La navigation sur le Net permet d’accéder à une multitude d’informations et de données. La création de liens hypertextes fait aujourd’hui partie intégrante de l’écriture sur le Net car elle permet d’alléger un texte en proposant plusieurs degrés de lecture. Elle facilite également l’accès aux références visés dans le texte. D’un simple clic, le lecteur peut, en effet, accéder aux données, lorsqu’un hyperlien a été inséré dans le texte. Dans un précédent billet, j’avais évoqué les risques que certains prenaient en donnant accès, par un simple clic, à des sites de téléchargement illicites.
La plupart des liens renvoient plus souvent vers des sites dont le contenu est licite mais peuvent donner accès à des oeuvres protégées ( texte, photo, vidéo, musique etc,) par les droits d’auteur. Ces droits sont, pour la partie économique, principalement le droit de reproduction de l’oeuvre et le droit de communication au public.
Le titulaire du droit d’auteur disposant du droit de communication de son oeuvre au public, la question s’est posée de savoir si la création d’un lien donnant accès à une oeuvre protégée requiert le consentement du titulaire du droit d’auteur.
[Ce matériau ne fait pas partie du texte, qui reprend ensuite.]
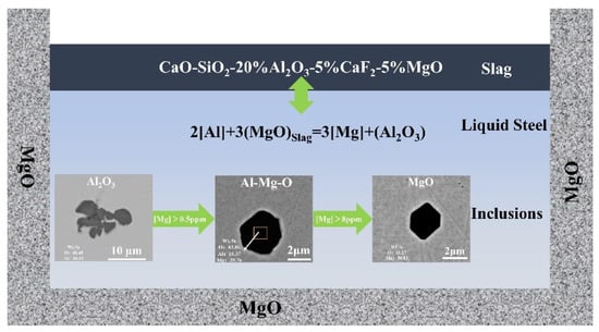 - Liu, C.; Gao, X.; Ueda, S.; Kitamura, S. Change in composition of inclusions through the reaction between Al-killed Steel and the slag of CaO and MgO saturation. ISIJ Int. 2019, 59, 268–276. [Google Scholar] [CrossRef]

A défaut, cette action engage t-elle la responsabilité du responsable de la publication du lien ?
Les réponses diffèrent en fonction des juridictions saisies de cette question, la CJCE1 venant de donner un nouvel éclairage à cette question.
Pour mémoire, au Canada, la Cour Suprême, a écarté la responsabilité d’un blogueur qui avait créé un lien pointant vers un contenu argué de diffamatoire, dans une décision Crooke c. Newton, rendue en octobre 2011, en l’absence de communication du contenu du lien.
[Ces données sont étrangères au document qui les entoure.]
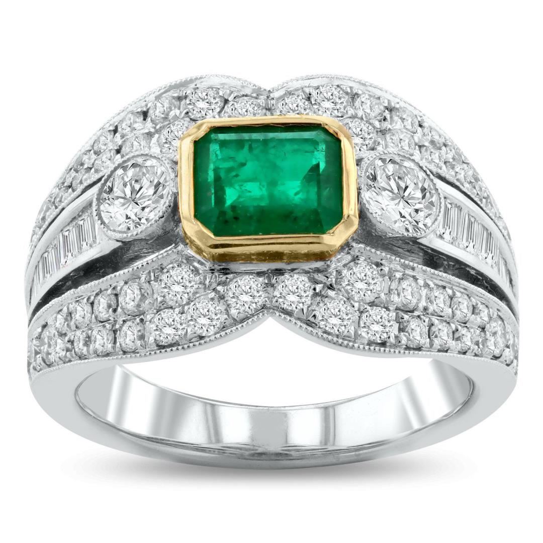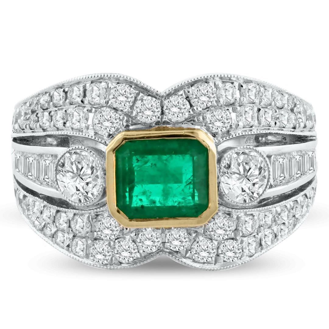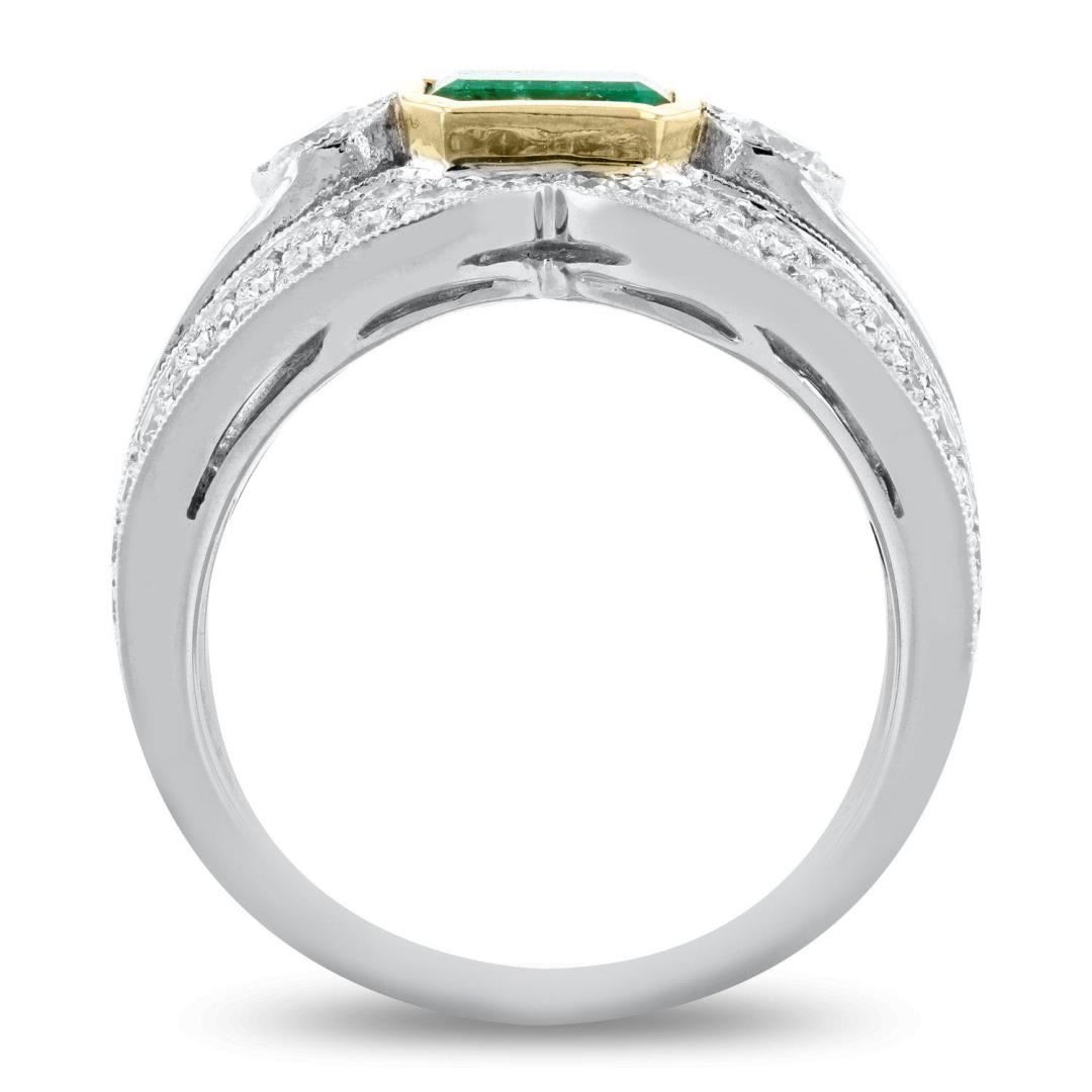0.86 ctw Emerald and 1.44 ctw Diamond 18KT White and Yellow Gold Ring
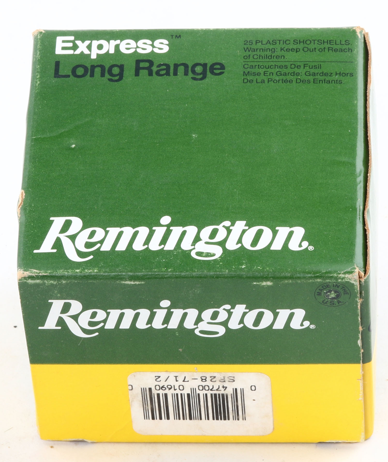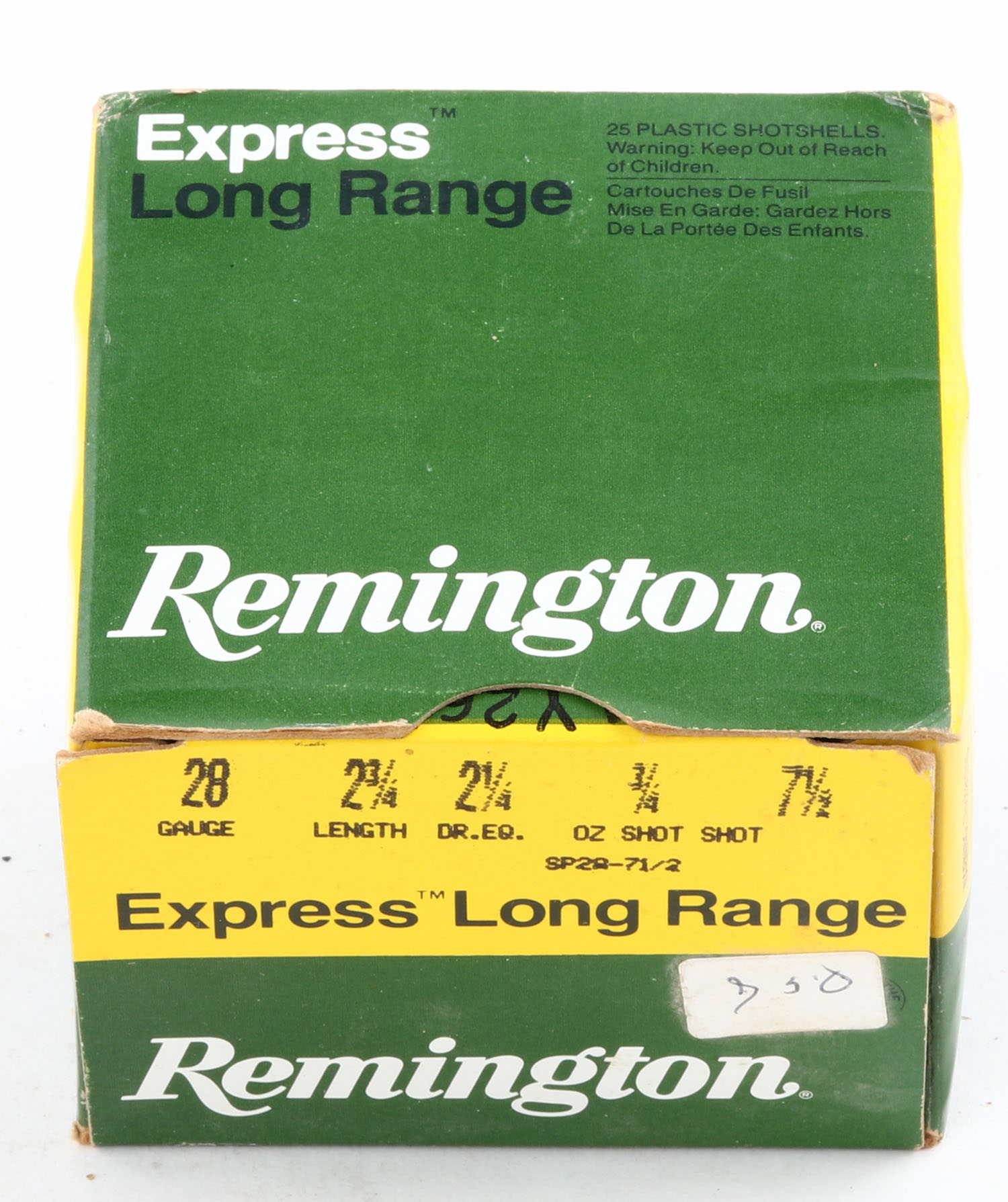 Remington, Express Long Range, 28ga., 1pc., Full, shot size 7 1/2, 2 3/4'', multi-colored box, plastic shells are excellent. Grade: Excellent ++ - Value: 16 to 40
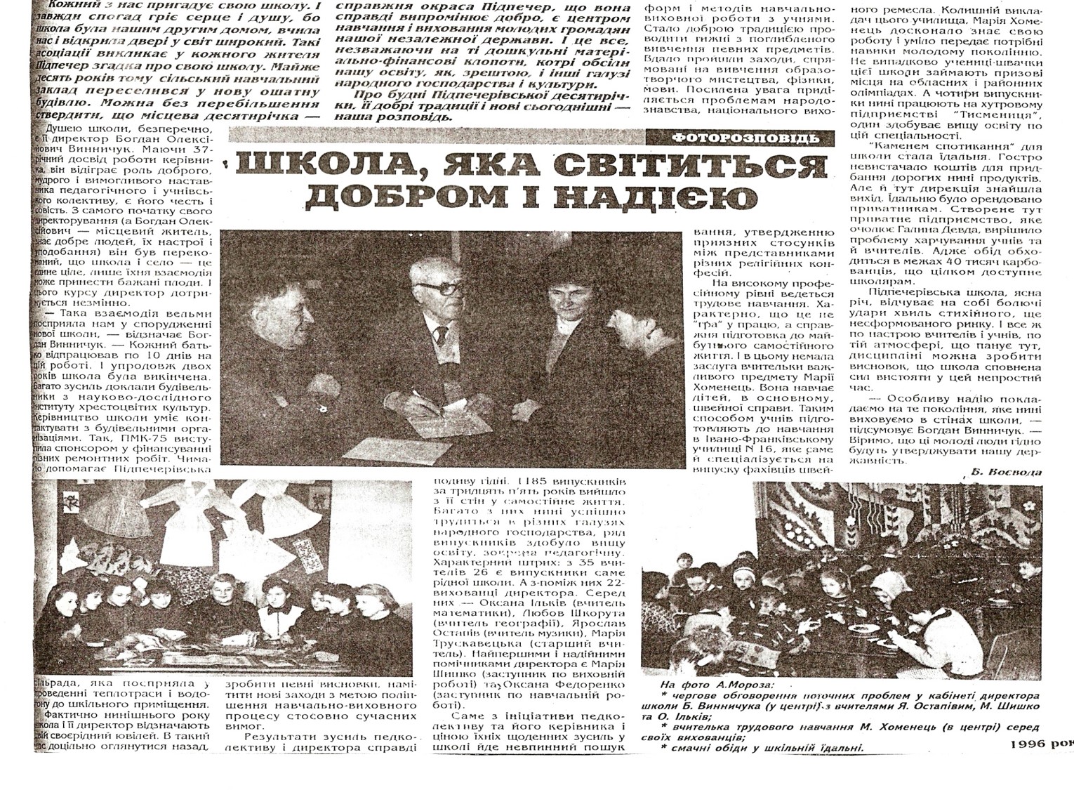 Підпечерівська ЗОШ І-ІІІ ступенів відкрилась в 1985 р.

A cette occasion , la Cour Suprême a rappelé :
“Les hyperliens constituent essentiellement des renvois, qui diffèrent fondamentalement d’autres actes de « diffusion ». Tant les hyperliens que les renvois signalent l’existence d’une information sans toutefois en communiquer eux‑mêmes le contenu. Ils obligent le tiers qui souhaite prendre connaissance du contenu à poser un certain acte avant de pouvoir le faire.”
C’est dans cet esprit que la Cour Fédérale de l’Ontario a rendu une décision concernant le cas de liens hypertextes renvoyant vers des oeuvres de l’esprit, dans une décision Warman c. Fournier2 rendue le 21 juin 2012. Le juge va préciser la notion de communication au public, au regard de celui qui rend l’oeuvre accessible sur Internet : “La communication d’une œuvre par télécommunication ne constitue une violation que si elle n’était pas autorisée. …le fait de rendre une œuvre disponible sur un site accessible au public par l’Internet équivaut à autoriser sa communication par télécommunication.”
“La personne qui rend disponible une œuvre musicale sur un site accessible par l’Internet en autorise la communication. Elle le fait uniquement afin que celle‑ci puisse être communiquée, en sachant fort bien et en espérant qu’une telle communication aura lieu”
Depuis ces décisions, il convient de rappeler que la nouvelle loi sur le droit d’auteur est entrée en vigueur au Canada fin juin 2012, et a apporté des précisions en la matière.
Ainsi, l’article 2.3 de la Loi dispose: “quiconque communique au public par télécommunication une oeuvre ou un autre objet du droit d’auteur, ne les exécute ni ne les représente en public de ce fait, ni n’est réputé, du seul fait de cette communication, autoriser une telle communication ou représentation en public”. Il s’agit donc d’une limite apporté aux droits d’auteur visés à l’article 3 de cette même loi.
La CJCE* de son coté, a analysé différemment cette notion de communication au public dans une décision Swensson c Retriever rendue le 13 février dernier, au regarde de la Directive Européenne visant à harmoniser le droit d’auteur.
La CJCE commence par rappeler “chaque acte de communication d’une œuvre au public doit être autorisé par le titulaire du droit d’auteur.”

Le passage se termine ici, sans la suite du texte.